(Supplied data)

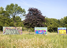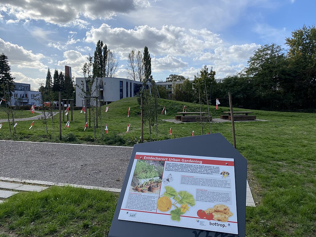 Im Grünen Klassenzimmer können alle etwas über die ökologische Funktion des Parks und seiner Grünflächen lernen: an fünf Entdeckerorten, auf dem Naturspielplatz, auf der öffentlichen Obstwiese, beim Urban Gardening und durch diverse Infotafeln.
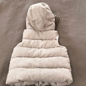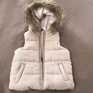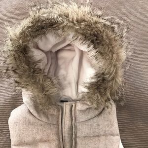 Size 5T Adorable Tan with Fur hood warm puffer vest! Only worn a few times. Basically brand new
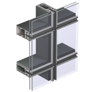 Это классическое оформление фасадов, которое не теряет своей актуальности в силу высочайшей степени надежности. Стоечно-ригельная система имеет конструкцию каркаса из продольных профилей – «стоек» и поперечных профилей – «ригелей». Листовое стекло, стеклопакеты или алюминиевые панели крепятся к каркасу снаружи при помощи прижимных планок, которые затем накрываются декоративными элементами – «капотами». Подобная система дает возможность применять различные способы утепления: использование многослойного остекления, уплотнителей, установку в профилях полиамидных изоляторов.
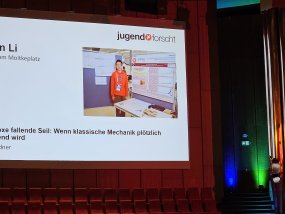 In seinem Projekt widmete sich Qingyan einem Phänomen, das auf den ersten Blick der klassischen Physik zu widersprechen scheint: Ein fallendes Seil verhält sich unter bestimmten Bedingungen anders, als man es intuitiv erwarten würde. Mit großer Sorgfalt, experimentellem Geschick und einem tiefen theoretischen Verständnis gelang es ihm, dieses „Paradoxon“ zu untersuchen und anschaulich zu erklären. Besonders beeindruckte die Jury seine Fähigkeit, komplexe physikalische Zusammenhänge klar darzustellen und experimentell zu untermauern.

(End Supplied data)

#### Task objective:
Write out the data once more exactly, omitting the pictures.

#### Exercise output:
 Im Grünen Klassenzimmer können alle etwas über die ökologische Funktion des Parks und seiner Grünflächen lernen: an fünf Entdeckerorten, auf dem Naturspielplatz, auf der öffentlichen Obstwiese, beim Urban Gardening und durch diverse Infotafeln.
 Size 5T Adorable Tan with Fur hood warm puffer vest! Only worn a few times. Basically brand new
 Это классическое оформление фасадов, которое не теряет своей актуальности в силу высочайшей степени надежности. Стоечно-ригельная система имеет конструкцию каркаса из продольных профилей – «стоек» и поперечных профилей – «ригелей». Листовое стекло, стеклопакеты или алюминиевые панели крепятся к каркасу снаружи при помощи прижимных планок, которые затем накрываются декоративными элементами – «капотами». Подобная система дает возможность применять различные способы утепления: использование многослойного остекления, уплотнителей, установку в профилях полиамидных изоляторов.
 In seinem Projekt widmete sich Qingyan einem Phänomen, das auf den ersten Blick der klassischen Physik zu widersprechen scheint: Ein fallendes Seil verhält sich unter bestimmten Bedingungen anders, als man es intuitiv erwarten würde. Mit großer Sorgfalt, experimentellem Geschick und einem tiefen theoretischen Verständnis gelang es ihm, dieses „Paradoxon“ zu untersuchen und anschaulich zu erklären. Besonders beeindruckte die Jury seine Fähigkeit, komplexe physikalische Zusammenhänge klar darzustellen und experimentell zu untermauern.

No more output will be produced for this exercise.